Lapid also said the agreement would endanger the independence of the International Atomic Energy Agency (IAEA) by creating “huge political pressure on them to close open cases without completing a professional investigation.” An unnamed U.S. official said this week that Iran had dropped the demand that the IAEA close its investigations.

The Israeli leader pointed to recent statements by the IAEA’s director general, Rafael Grossi, that Iran had not given credible explanations about the origin of traces of uranium that were detected by the U.N. nuclear watchdog.  

“How is it possible to sign a deal with Iran when this is what the body responsible for supervising a deal says?” asked Lapid. “How is it possible to sign a deal with the Iranians that gives them a $100 billion a year prize for breaking all of their commitments?”

Israel’s concerns about the impending deal were also echoed this week throughout the Israeli political and military establishment.

Bennett, who now serves as alternate prime minister in Lapid’s government, released a statement on Tuesday calling on President Joe Biden and the U.S. administration “to refrain, even now at this last minute, from signing the agreement with Iran.”

“This agreement will send approximately a quarter of a trillion dollars to the Iranian terror administration’s pocket and to its regional proxies, and will enable Iran to develop, install and operate centrifuges, with almost no restrictions, in a mere two years,” he said.

On Tuesday, Israeli National Security Advisor Eyal Hulata met in Washington with his American counterpart, Jake Sullivan, and on Wednesday will meet with Deputy Secretary of State Wendy Sherman.

In addition, Israeli Defense Minister Benny Gantz, who is slated to travel to the U.S. this week, will also meet with Sullivan, as well as CENTCOM Commander Gen. Michael Kurilla.

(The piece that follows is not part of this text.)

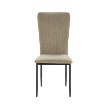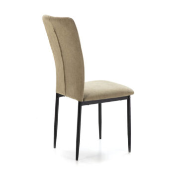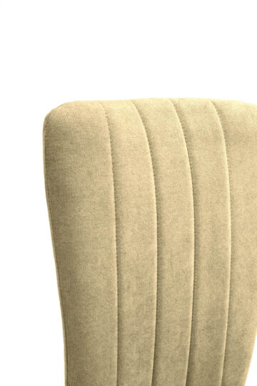 Udoben stol Holly ima sedišče in hrbtišče tapecirano v tkanino z dodatkom okrasnih šivov.
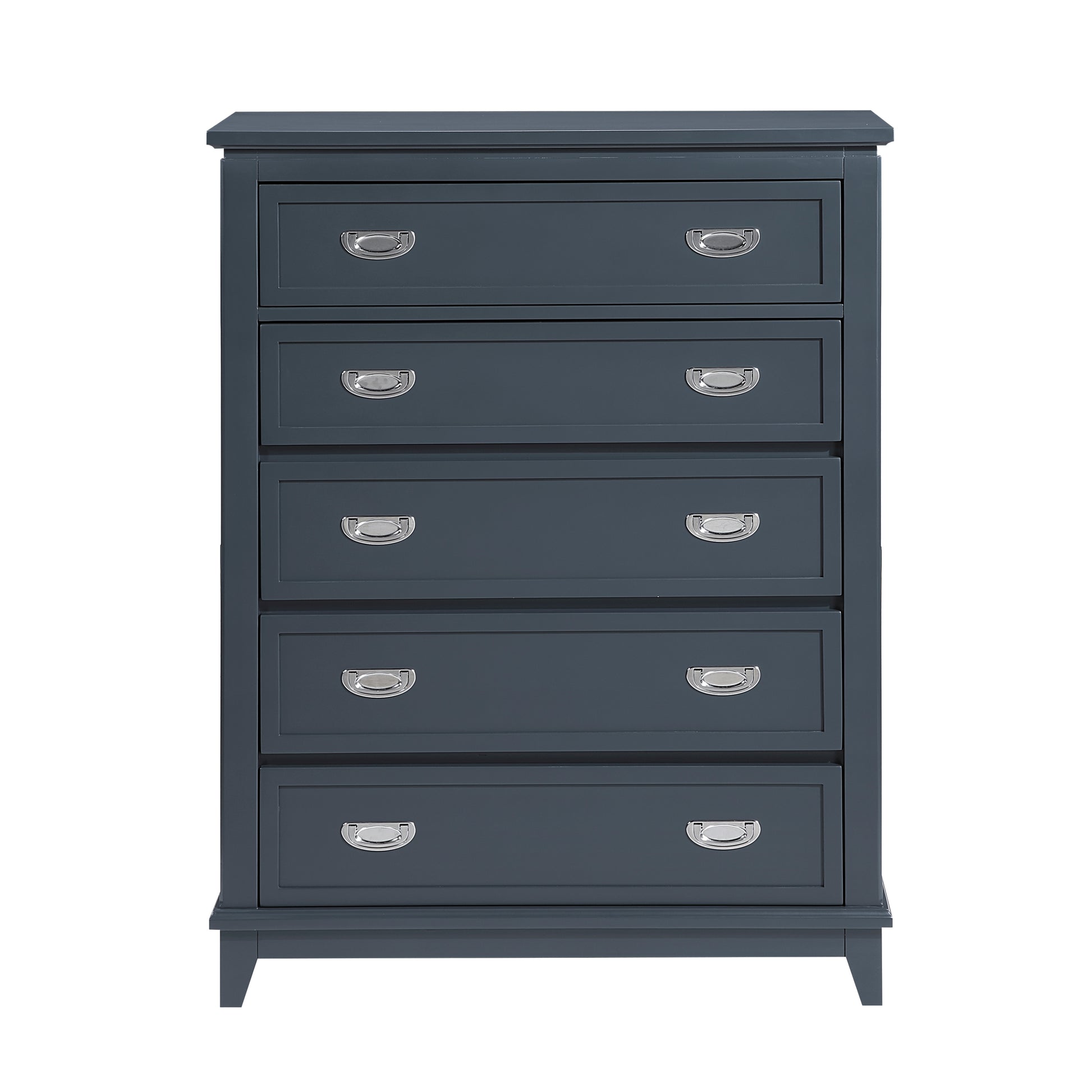 Add stylish and efficient storage to your bedroom with this navy blue 5-drawer chest. Crafted from wood and engineered wood with a sleek navy blue finish, this chest features five dovetail drawers with smooth ball-bearing glides for easy access to your clothing and belongings. Polished nickel-tone flush ring pulls add a touch of sophistication, and with no assembly required, this chest is ready to enhance your bedroom décor right out of the box.

A senior Israeli official told JI that Israel “would do whatever is necessary to make sure Iran is not a nuclear threshold country.”

“We are determined to have the right discussions with the administration to make sure we will not have a bad deal,” the official continued, adding that if this deal is put in place, “there is no way for the West to have control over what the Iranians will do with this money – the only thing we can look at is what they did with the money beforehand and we saw that it was used for terrorism, so we assume they will use it again for terror.”